A/N: Hemorrhage by Fuel.

Dawn, Maevyn was special. Incredibly fucking special. Her optimism, her warmth, her offbeat humor – all of them struck a chord of light in a story that could have so easily been bleak, and it's safe to say I loved her for it. Here is a girl, so mad at the world, harboring the pain of a lifelong ostracism, and the tragedies of continuous loss, but she never allowed her pain to overwhelm her. She was always acting, always playing, soul-searching through her love for fantasy, her mania and her whimsicality. I know, originally, you intended her to be more vicious, and she could certainly have gone down that path – but there was such a richness to Vyn that I chose instead to linger on her softness. Her childlike way of engaging with the world, her recklessness and her mirth, the sense of wonder she found in anything and everything, how she saw the world through eyes both vibrant and innocent, regardless of the grief that lived inside her. Vyn was relatable in the way that misfits often are, especially to those of us who grew up with little support: she chose rage to hide her hurts, and who tried to patch up her experiences of rejection and neglect by lashing out in want to be heard. Some may scorn her for it, but in her scorn there is relatability; like all lost things, she just wanted to find her place.

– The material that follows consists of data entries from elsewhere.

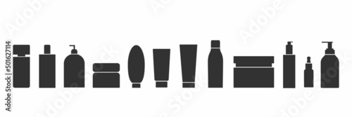 Cosmetic plastic bottle icon set for packaging design. Vector stock illustration isolated on white background for beauty industry, product label pack.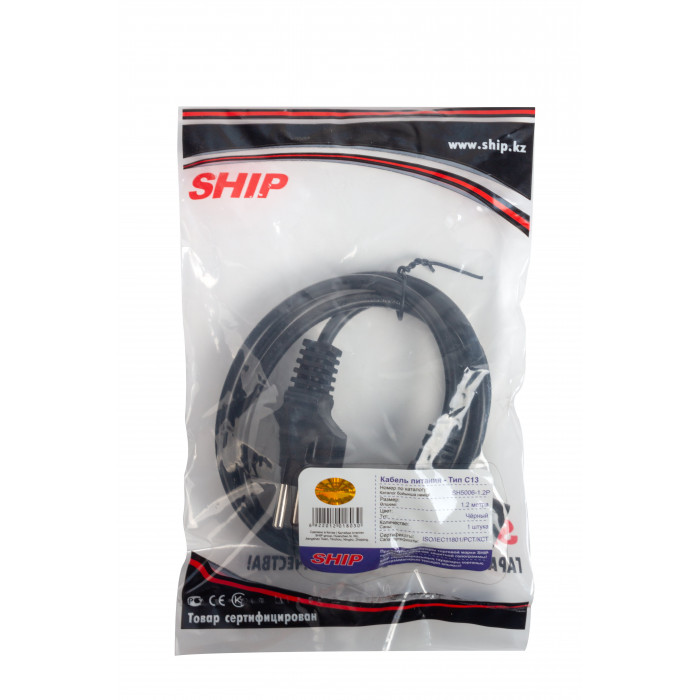 Кабель питания, SHIP, SH5005-1.2P, Тип: С13, for Case, Жилы из чистой меди толщиной 0.50 мм, пол.Пакет 1.2 м....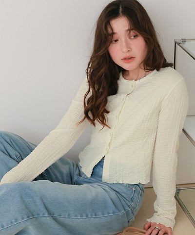 かなり薄手で、ボコボコとした生地です。 写真より白っぽいブルーでした。 一枚で着るより、軽く羽織るのに適しています。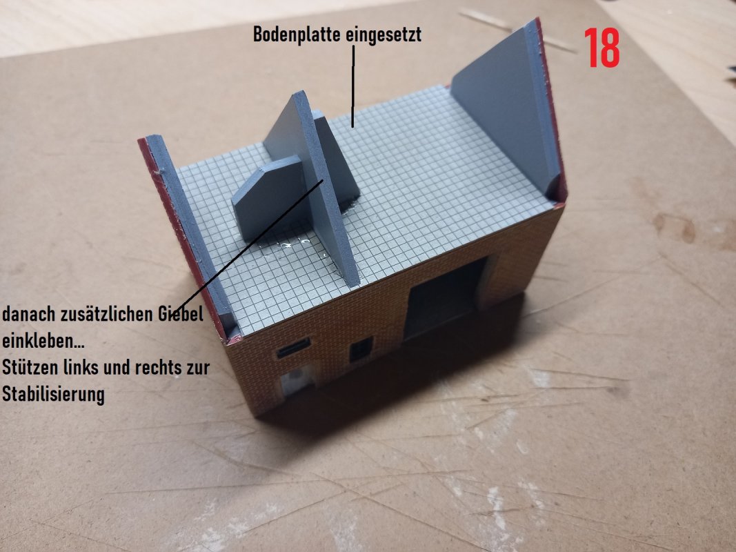 Klebt eine Giebel und eine Seitenwand ,,bündig" zusammen ...und auf die Bodenplatte .
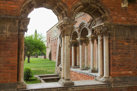 Italian church court cloister with marble columns. small GRIP shot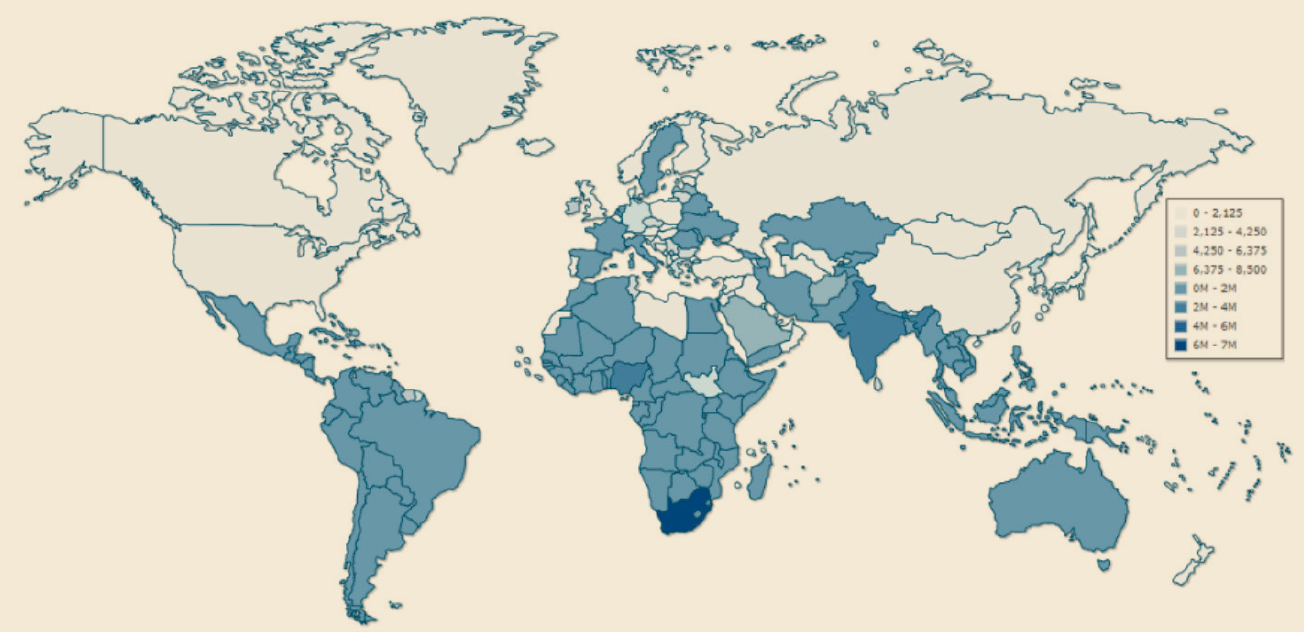 Figura 3. Mapa de prevalencia de VIH en 2018. Datos expresados en millones de casos. (http://www.indexmundi.com/map/?v=32&l=es).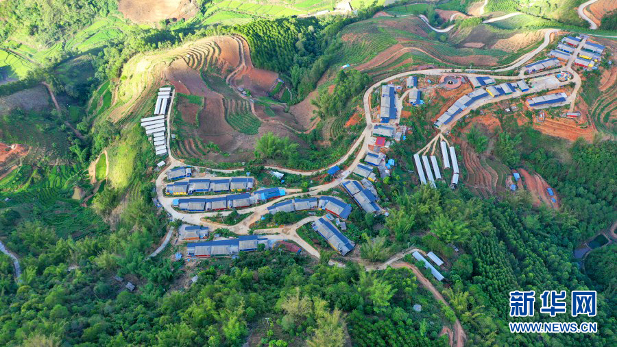 中国华能集团有限公司对口帮扶普洱市和临沧市的拉祜族、佤族两个“直过民族”,2016年至2019年,累计投入20亿元,实施了基础设施、教育、产业等扶贫项目。图为华能集团实施的“直过民族”示范村建设项目——普洱市澜沧县马鞍山村民小组新貌,无人机视角下,犹如一匹奔腾的骏马(2020年6月13日摄)。(新华网 赵普凡 摄)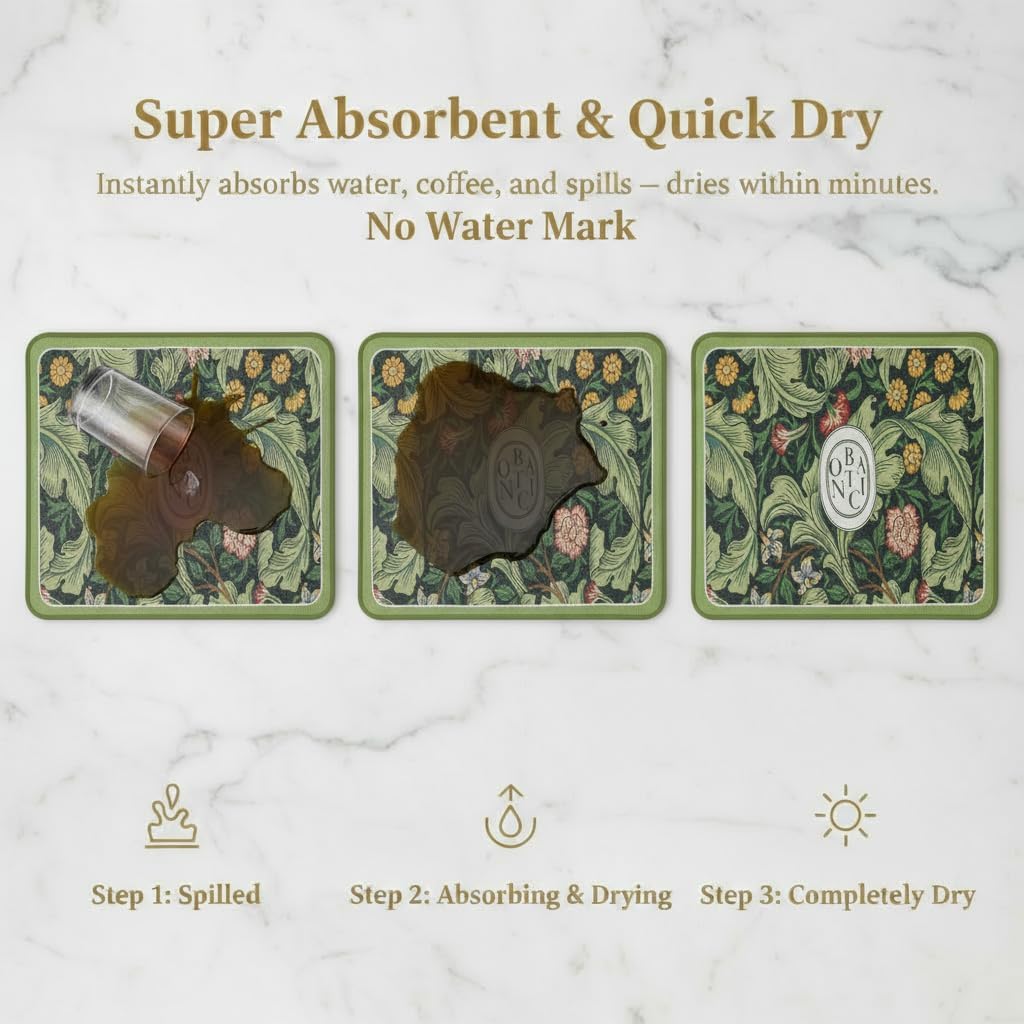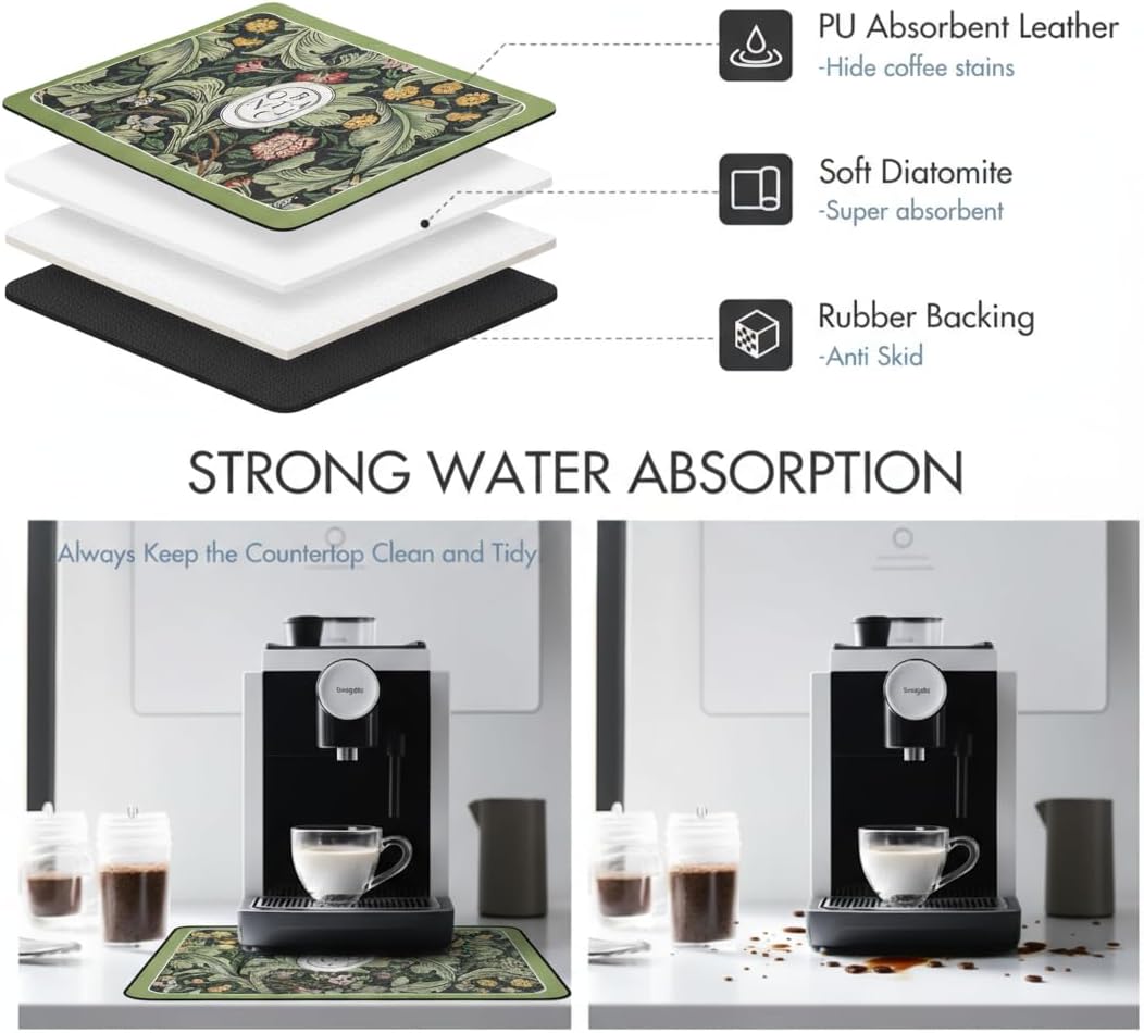 Dish Drying Mat Super Absorbent – 16" x 18" Coffee Mat for Countertops – Non-Slip Drying Mat for Kitchen Counter – Easy to Clean Water Absorbent Mat – Quick Dry Dish Mats (Green Flowers)

Thank you again for entrusting her to me.

On another note, for Dawn and Dyl – I'd originally wanted to swap these two placements, since Dawn's lacking a 13th and Dyl is lacking a 12th, but the chronology just worked out better with Vyn being the evening. That said, however… if the pair of you would like to trade placements to fill out your lists… :') Well, let's just say I encourage it if you would so like. Sorry I couldn't play the timing right through the actual writing of Day 8, but the intent definitely remains, if it's desired.

For housekeeping stuff… yes, I do intend to update the blog. I know it's been a very long time coming – my sincerest apologies for that. I'll do so once I get home from work this evening… chapter, of course, took precedence. My goal is to have 9.1 and 9.2 finished this month. Thanks for all the support and kindness.